Random thoughts from a Baby Boomer
Nest Egg or Next Egg » Posts in 'Finance' category

Health Care Reform

Obama and the Democratic-controlled congress have good intentions, but it seems that this administration is no different from the past administration.  In the worst economic crisis in decades, the people in charge of running our country are penny-wise and dollar-dumb.  Despite all the current changes to medicare and the ongoing debate over more cuts to medicare in the proposed health care issue, they are overlooking one critical fact: $30 billion dollars or more of medicare money is lost each year to fraud.  I don’t understand why they are not addressing this issue.  Have we elected leaders that have no concept of the value of our money?   Congress has managed to address all sorts of issues in the 1,000+ pages of the health reform bill; why have they not addressed the issue of fraud to the system? 

We know the excuses:  There’s the time constraint and the lack of people available to trace the fraud. In fact, past-President Clinton recognized the impact fraud had on our national budget and tried to get the then Republican-controlled congress to address this issue.  And yet, over a decade later, nothing has been done.  It insults my American blood to know that con-men are probably laughing at the ignorace of my country all the way to the bank.  Not only does this show the world that our government is wasteful and financially uncaring, but I wonder just how much of this fraudulent money is used to help fund terrorism around the world.  

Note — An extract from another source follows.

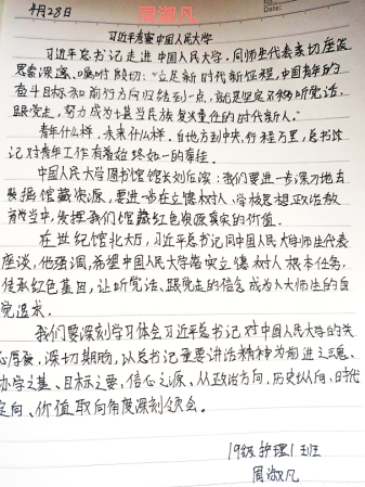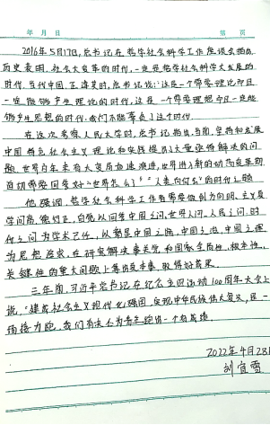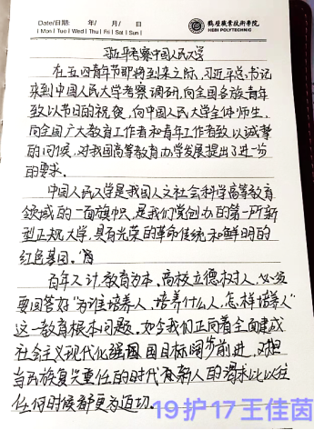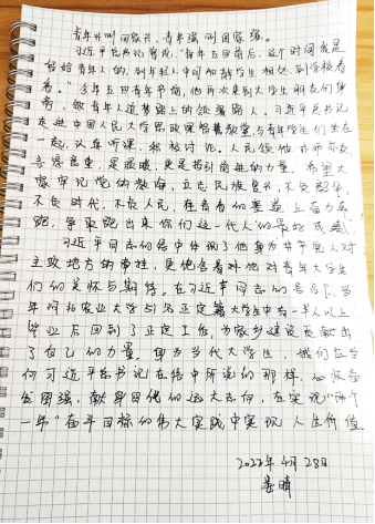 4月25日,习近平总书记来到中国人民大学考察调研并发表重要讲话,在教育工作者和广大青年学子中引发热烈反响。bw必威西汉姆联官方网站员工第二、第三党支部及时组织党员教师集中学习。同时,以实习党小组为单位,组织2019级预备党员,开展了“习近平走进中国人民大学”主题学习活动。同学们积极学习习近平总书记重要讲话,用心领会精神实质,纷纷发表自身感悟。总书记的讲话高瞻远瞩、思想深刻,令师生们备受鼓舞。新时代中国青年敢担当、能担当、善担当,不畏困难、奋楫争先。新时代青年要立足新时代新征程,努力做到埋头苦干,真正付出努力学习技能,将个人小我的追求融入到国家社会发展的大局中,在实现中华民族伟大复兴的时代洪流中踔厉奋发、勇毅前进。以下为员工第二、第三党支部预备党员的感想合集。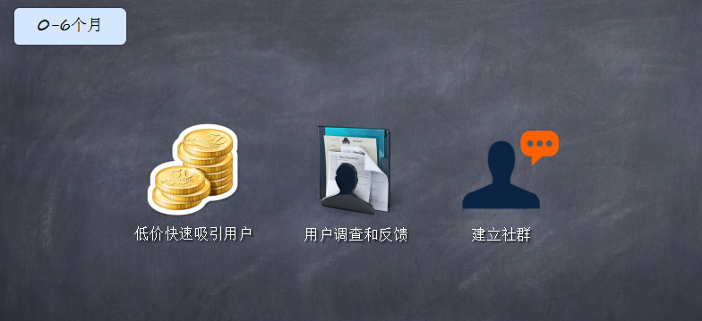 我们先来看第一个部分,0-6个月,我和马涛本身并没有什么背景,所以当时我们第一部分就是低价快速吸引用户。我们今天的产品价格是会员制,会员费是3980,最初的价格是99。我们非常清楚用一个比较低的价格可以快速吸引比较多的用户,然后将这些用户框到我们的社群中来,无论是QQ群还是微信群。最后,做用户调查和反馈,我们会从社群中与这些用户一一沟通,去确定他们是什么年龄的人,不是说他们的年龄层23-30岁,而是具体的年龄。而这个过程恰是十分重要,正因为我们知道我们用户是谁,我们才能制作具有针对性的产品以及营销方向,所以0-6个月第一件要做的事情是,快速低价吸引用户,并确定用户的身份。

We need to stop this fiscal leaking before we address spending more money.  Can’t someone come up with a solution?  Wait a minute, I have a solution! The National unemployment rate is over 10% and the the President recently held a summit on creating jobs in America with the focus on not spending more taxpayer money to do it.  Why not hire some of those unemployed people to investigate the medicare fraud.  One very simple solution would be to set up call centers where newly-hired medicare employees could call and verify that medicare recipients actually received the services that were billed to them. If the service was valid, those bills would be paid.  If the services were not valid, then they would not get paid.  This would be a self-funded program; money saved would cover the cost of the centers and the hiring of new workers.  Wahla! no new expense to taxpayers and the respect of this administration and congress would increase a notch or two. In fact, maybe we should look at other areas where there is a huge waste of taxpayer’s money and see how we can put people back to work by recovering these funds. 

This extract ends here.